Various imaging modalities are helpful in the diagnosis of this entity such as CT scan, where the lesions appear as heterogeneous densities that become hypodense on late arterial and venous phase. Peripheral ring-like enhancement is infrequently seen. A quite characteristic finding is the absence of mass effect on adjacent vasculature. In the case of hemorrhage, PH lesions appear as hyperattenuating structures on unenhanced CT. Hepatic angiography discloses a typical appearance of PH lesions that accumulate contrast in the late arterial or parenchymal phase and retain it through the early venous phase.[7,8]
In our patient, an abdomen CT scan showed hepatomegaly with heterogeneous enhancement of liver parenchyma. A large hypodense lesion was identified with multiple linear and branching structures. Multiple tiny enhancing nodules were identified in the right lobe of the liver measuring between 1 and 2 mm. The intrahepatic portion of the IVC was also compressed; however, it showed normal enhancement. No evidence of IVC thrombosis was noted. The spleen appeared normal along with the presence of mild ascites.
Liver biopsy is the most rewarding tool in diagnosing PH. It reveals round or oval intralobular cavities that are randomly distributed between areas of normal hepatic parenchyma. The cavities communicate with sinusoids that are sometimes associated with dilated space of Disse.
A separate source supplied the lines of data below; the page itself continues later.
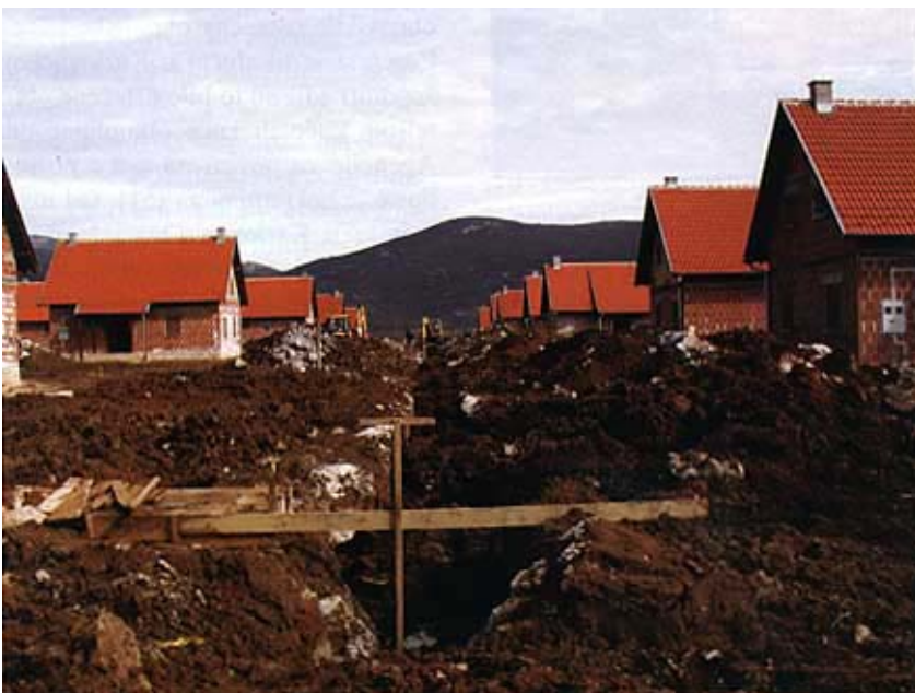
Izvedba infrastrukture u novom naselju u Gračacu

privatnom (43). Od toga je daleko najviše kuća u takvom tipu obnove i u cijeloj Hrvatskoj bilo na području grada Petrinje (157), od čega najviše obnova oštećenih kuća, a značajan je broj takvih kuća i u Gvozdu (42), Sunji (39), Novskoj (36), Donjim Kukuruzarima (29) i Glini (27). U ostalim je općinama i gradovima taj broj značajno manji. To su: Dvor, Hrvatska Kostajnica, Jasenovac, Majur i Topusko.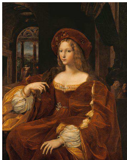
Fig. 2: Raffaello (con Giulio Romano), Ritratto di Isabel de Requesens y Enriquez de Cardona-Anglesola , Parigi, Musée du Louvre.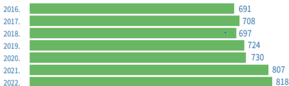
Slika 3.3.2. Djeca na smještaju i organiziranom stanovanju u domovima za djecu bez odgovarajuće roditeljske skrbi i centrima za pružanje usluga u zajednici 2016. - 2022.

Usporedno s prethodnim podacima na slici 3.3.2 moguće je vidjeti stanje od 2016 do 2022. godine. Slika prikazuje podatke koji su uzeti od svih ustanova odnosno njih dvadeset. Ono što podaci prikazuju je to da se situacija nije poboljšala odnosno da se brojke smještavanja djece povećavaju. Od 818 djece koja su bila smještena u ustanovama 568 je na smještaju i 250 je u organiziranom stanovanju. Iz podataka se može zaključiti da je manje djece smješteno u deinstitucionalizacijske oblike skrbi što znači da proces deinstitucionalizacije stagnira.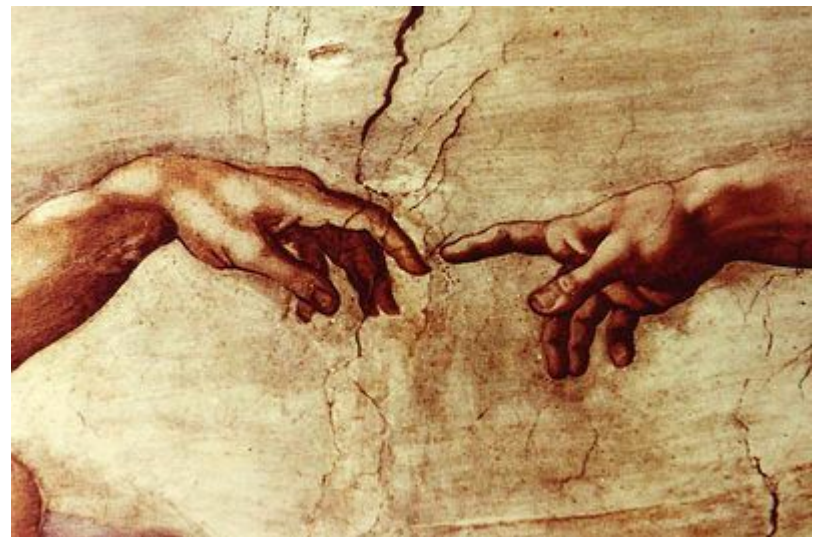
Сикстинская капелла. Ватикан. Фреска (1508 - 1512).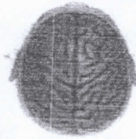
จินตปัญญา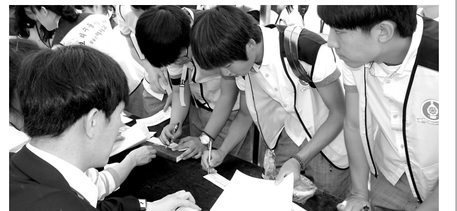
전국 청소년 무일문학상 백일장에 참가한 학생들이 신청서를 작성하고 있다.

한국불교대학 대관음사 부설 무일학원이 주최한 ‘전국 청소년 무일문학상 백일장’이 6월 3일 경북 청도 ‘참좋은이서 중·고등학교’에서 개최됐다. 이번 행사에서 개최된 ‘무일문학상 백일장’은 올해부터 전국 단위 청소년 백일장으로 열렸다.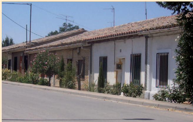
La Puebla de Híjar. Azucarera. Viviendas obreras

El problema interno, generado por la superproducción, produjo un enfrentamiento entre los monopolios azucareros. La Sociedad General Azucarera amenazó en 1934 y 1935 con cerrar la azucarera de La Puebla de Híjar,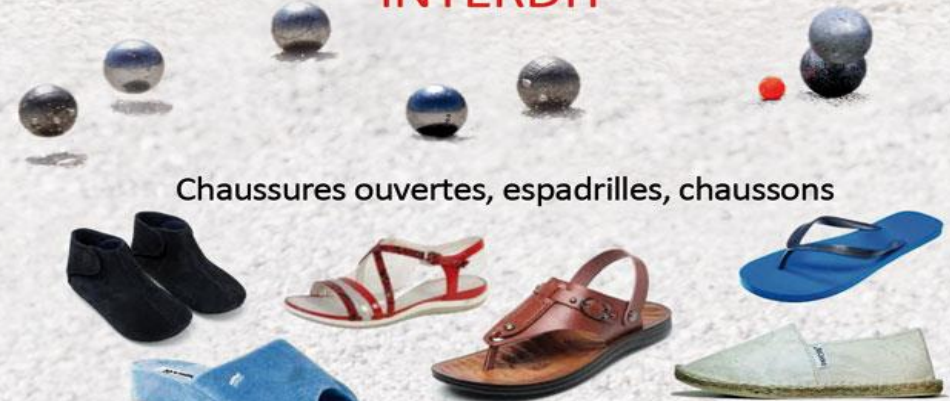
Chaussures ouvertes, espadrilles, chaussons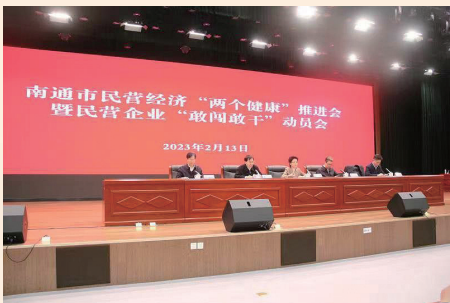
全市民营经济“两个健康”推进会暨民营企业“敢闯敢干”动员会召开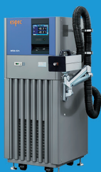
スポット冷却加熱装置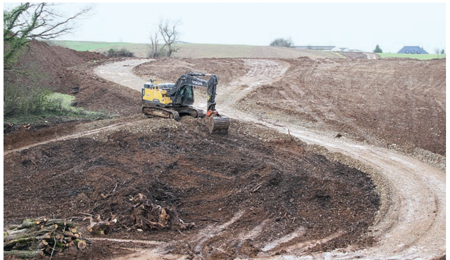
Les opérations de terrassement sont en cours sur l'ensemble du chantier.

Le chantier fait l'objet de mesures environnementales importantes avec, notamment, la préservation d'un chemin rural entre la RD 568 et l'avenue du Cause et une insertion paysagère soignée. La possibilité de la création d'une voie verte a été prévue. Celle-ci pourrait, dans le cadre du programme de l'Agglo en ce domaine, permettre de compléter la jonction spécifique entre le centre de Rodez et le parc de Vabre par Bel-Air. Les fouilles archéologiques désormais terminées, les terrassements sont en cours.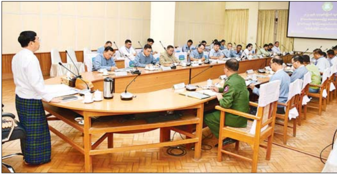
ဆုံးဖြတ်ချက်များနှင့် လမ်းညွှန် ချက်များအပေါ် ဆက်ကော်မတီ အဖွဲ့ဝင်များနှင့် လုပ်ငန်းအဖွဲ့များ မှ တာဝန်ရှိသူများအနေဖြင့် ဆောင်ရွက်ရန် ကျန်ရှိသည့် လုပ်ငန်းများကိုအချိန်မီပြီးစီးအောင် ဆောင်ရွက်သွားကြရန် လိုအပ်ပြီး အခြားသော ဆက်ကော်မတီများ နှင့်လည်း အချိန်မီ ကြိုတင်၍ ပေါင်းစပ်ညှိနှိုင်း ဆောင်ရွက် သွားကြရန် လိုအပ်ကြောင်း၊ လုပ်ငန်းများ ဆောင်ရွက်ရာတွင်

နေပြည်တော် ဒီဇင်ဘာ ၅ ၂၀၂၅ ခုနှစ် (၇၇) နှစ်မြောက် လွတ်လပ်ရေးနေ့ နိုင်ငံတော်အလံ အလေးပြုပွဲအခမ်းအနား ကျင်းပ ရေး၊ ပြင်ဆင်ရေးနှင့် ဖိတ်ကြား ရေးဆပ်ကော်မတီ၏ ဒုတိယ အကြိမ် လုပ်ငန်းညှိနှိုင်းအစည်း အဝေးကို ယနေ့နံနက်ပိုင်းက နေပြည်တော် စည်ပင်သာယာရေး ကော်မတီ အစည်းအဝေးခန်းမ၌ ကျင်းပသည်။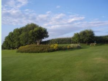
Blick vom Fairway 6 hinauf zum Tee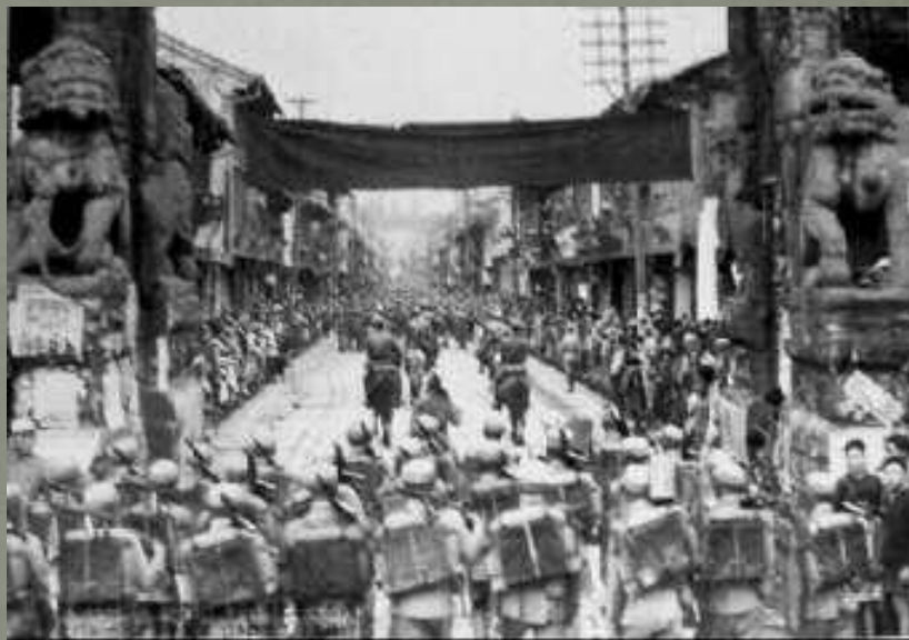
印緬遠征軍回昆明受到熱烈歡迎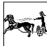
3 Etapes du Grand Prix

Les accompagnateurs non scrabbleurs sont les bienvenus et profiteront des avantages du Festival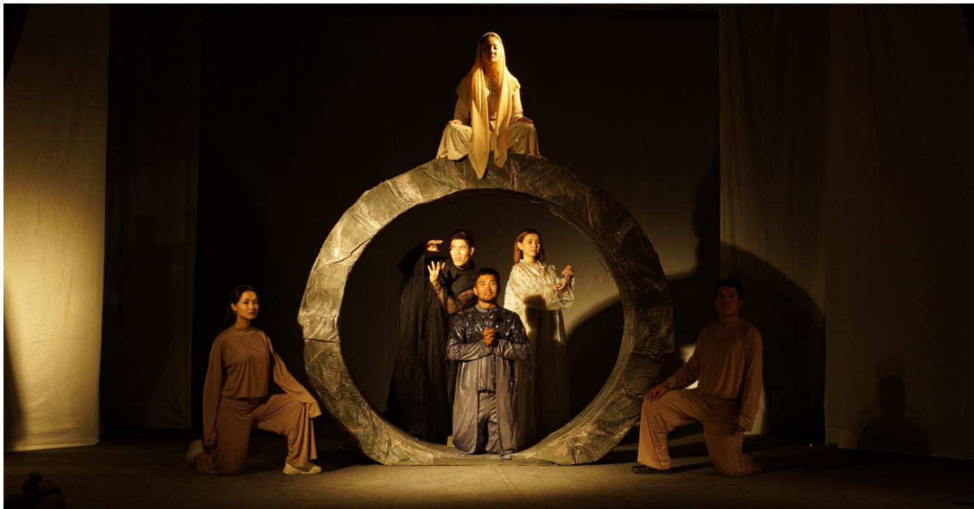
Спектакль "Мать-земля" (Jer Ene) Молодежного экспериментального театра "ART Jashoo".

В течение четырех дней город Нарын, Кыргызстан стал центром международной конференции, исследующей современные и традиционные практики создания изображений через взаимодействие искусства, науки и культуры. С 22 по 25 сентября конференция «Кочевой образ» привлекла художников и международных деятелей, которые внесли свой вклад в эту уникальную культурную феерию, обеспечив ей оглушительный успех.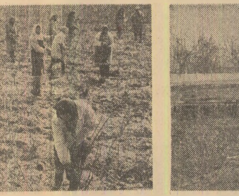
Pe ome, în vie și livazi se muncește intens, cu toate forțele. Obiectivul aparatului de fotografiat a surprins câteva evenimente semnificative pentru acest sezon (de la stînga la dreapta): tăierea vitei de vie în podgoriile cooperativei agricole din Bucov — Prahova; pregătirea terenului la cooperativa agricolă Pitulicea — Buzu și semănatul fetei de zahăr la cooperativa agricolă Movilița — Ilfov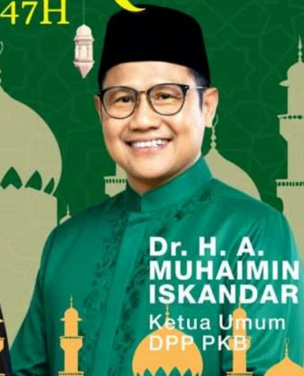
Dr. H. A. MUHAIMIN ISKANDAR Ketua Umum DPP PKB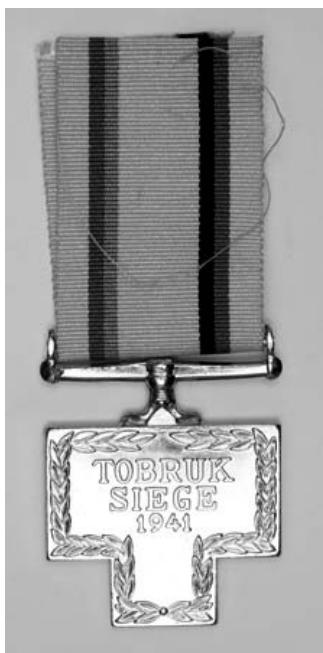
Medal Siege of Tobruk

Jednocześnie Distinguished Service Order został pozostawiony tylko jako nagroda za wybitne dowodzenie, natomiast w miejsce jego oraz Distinguished Conduct Medal, a także ich odpowiedników w marynarce i siłach powietrznych za męstwo i odwagę w obliczu wroga został wprowadzony Conspicuous Gallantry Cross (Krzyż za Wybitną Odwagę).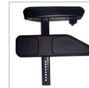
1M31000321-08-U REPOSABRAZOS IZQUIERDO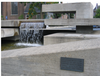
Bronzen gedenkplaat koning Willem II op de zijkant van de fontein van Jooop Beljon.

Op 17 maart 1874, 25 jaar na het overlijden van koning Willem II, werd er op de plaats waar zijn sterfhuis heeft gestaan een 12 meter hoge hardstenen gedenknaald, naar ontwerp van architect Hendrik van Tulder, opgericht. Deze gedenknaald werd in 1933 enkele meters verplaatst en in 1968 afgebroken ten behoeve van de aanleg van het Stadhuisplein en de Paleisring. In 1982 is er een bronzen herinneringsplaquette aangebracht op de zijkant van de betonnen fontein van kunstenaar Jooop Beljon (1922-2002). Hij ontwierp overigens in 1973 ook de twee betonnen abri's die aan de achterzijde van het paleis aan beide zijden van de Paleisring stonden. Er staat er thans nog maar één aan de zijde van appartementencomplex de Frankenhof.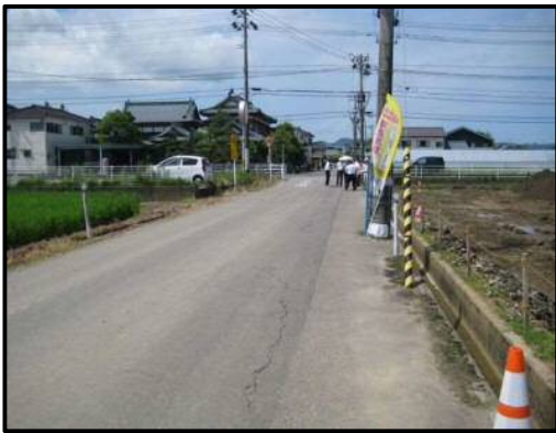
【写真⑭-1】 店舗南側（西方向を望む）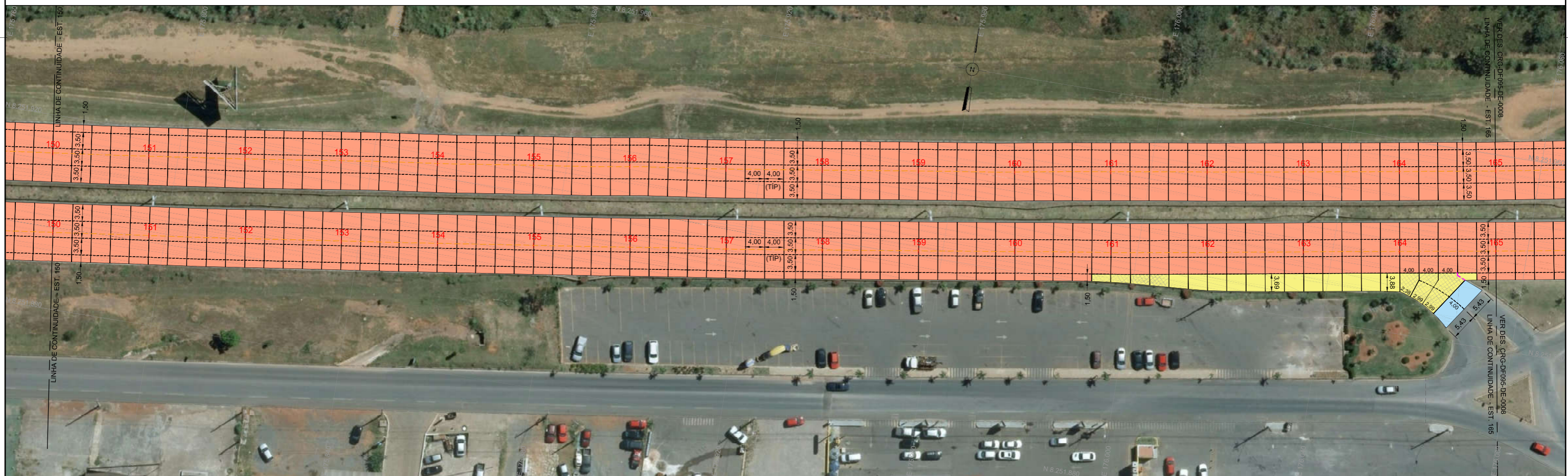
PLANTA 0 4 8 16 32m ESCALA 1:400

NOTAS: 1 - TODAS AS DIMENSÕES ESTÃO EM METRO, EXCETO ONDE INDICADO. 2 - PARA DETALHES DE GEOMETRIA, TERRAPLENAGEM, DRENAGEM E SINALIZAÇÃO, CONSULTAR DOCUMENTOS ESPECÍFICOS.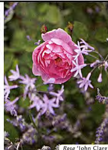
Rosa 'John Clare'

2. Sotto al pergolato d'uva ( Vitis vinifera 'Isabella'), il tavolo per pranzare all'aperto.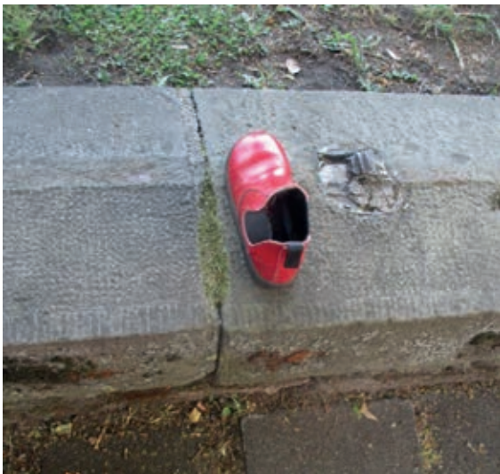
Gesehen am Theater

Oh, ich denke mir, Nanu? Was macht hier ein Kinderschuh? Vor dem Theater auf der Mauer liegt er nun wartend auf der Lauer. Kommt wohl der zweite Schuh zurück? Ich wünsch' auf jeden Fall viel Glück.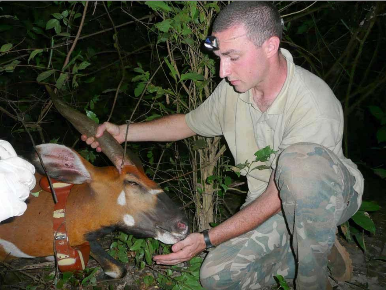
Pose du collier et premières analyses.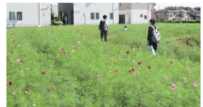
コスモス畑は10月中旬以降に満開になる予定です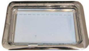
輸送や保存においてゲルが破損しない専用容器を採用しています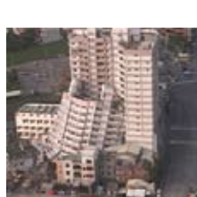
Flat na instorting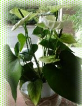
アンズリウム ホワイト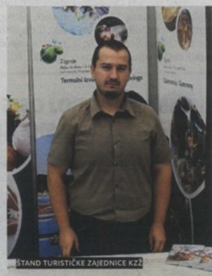
ŠTAND TURISTIČKE ZAJEDNICE KZZ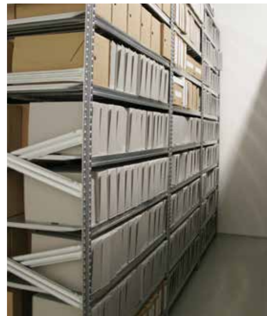
Móttaka, flokkun og skráning á stórum skjalafhendingum batnaði til muna þegar aðstaðan í Háheiði var tekin í notkun. Nú er hægt að taka á móti skjölum á vörubrettum og öll vinna við skráningu verður einfaldari og markvissari. Nú er jöfnum höndum tekið við afhendingum bæði á Austurvegi og í Háheiði.

Nú er búið að skrá skjöl frá 2005 til 2016 samkvæmt stöðlum. Opinber skjöl á þessu tímabili eru alls 250,69 og einkaskjalasöfn 199,55 hillumetrar, samtals 450,24 hillumetrar. Aðfanganúmer eru 971, 64 afhendingar þar fyrir utan hafa fengið aðfanganúmer 1010, 1011 o.s.frv. en þessar afhendingar rötudu ekki inn í aðfangabók á árunum fyrir 2009. Skipulega færð aðfangabók vönduð skjalaskráning og endurskráning eldri afhendinga er lykill að því að gera skjalasafnið betur aðgengilegt og þessari vinnu var og verður haldið áfram samhliða skráningu á þeim skjölum sem berast á hverju ári. Það er ekki hægt að setja tímamörk á þetta verkefni en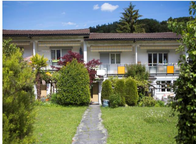
1 | 8 Besonders schützenswert: Die Ankenweid in Leimbach. (8 Bilder)

Volle drei Viertel der ganzen Stadt sollen erhalten bleiben, wie sie sind – so will es das neue Bundesinventar der schützenswerten Ortsbilder. Das stellt die Stadt vor neue Probleme.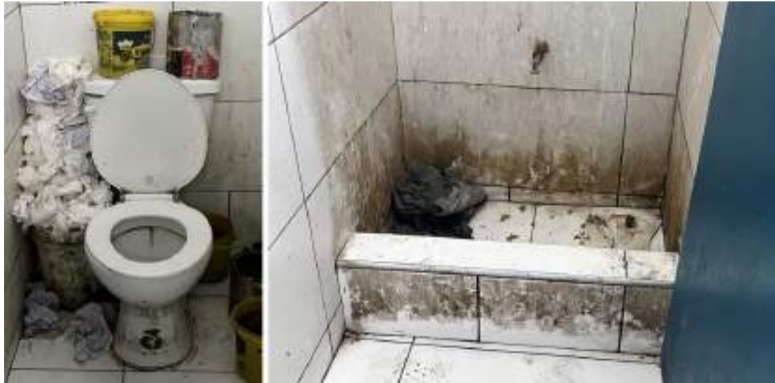
Lors de leur visite de septembre 2024, les chercheuses d'Amnesty International ont constaté que les installations sanitaires dans les sites pour personnes déplacées n'étaient pas accessibles aux personnes en situation de handicap.

Les États ont l'obligation de « prendre toutes les mesures nécessaires » pour protéger les enfants contre des effets délétères de la violence armée et de veiller à ce qu'ils « puissent bénéficier de services de santé et de protection sociale appropriés, notamment pour leur réadaptation psychosociale et leur réintégration sociale 409 ». Le gouvernement doit veiller à inclure dans sa réponse à la situation des services de santé mentale disponibles et accessibles, y compris en sollicitant une assistance technique et financière. Les donateurs et les autres acteurs humanitaires doivent contribuer au renforcement des systèmes de santé mentale. L'offre de services de santé mentale ne doit pas s'amenuiser après la phase d'urgence : il est essentiel de créer des systèmes de soins durables 410 .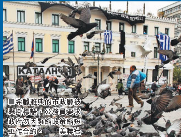
■希臘雅典的市政廳被懸掛標語，公務員要求政府勿因緊縮政策縮短工作合約。

Red blood cells can be seen in the peliotic cysts, dilated sinusoids and space of Disse.[9,10] These lesions are randomly distributed and not restricted to zone 3. There is no hepatocyte dropout, nor is there any cell plate collapse with the intact reticulin framework.
Our patient’s liver biopsy showed a slightly disturbed architecture. Sinusoids were dilated at places. The dilation was marked at places with large spaces containing blood. There was mild fibrosis in between the hepatocytes. The findings were thus consistent with a diagnosis of PH.
In conclusion, this case highlights the need to keep PH in the differential diagnosis of focal liver masses on imaging studies and liver diseases presenting with portal hypertension.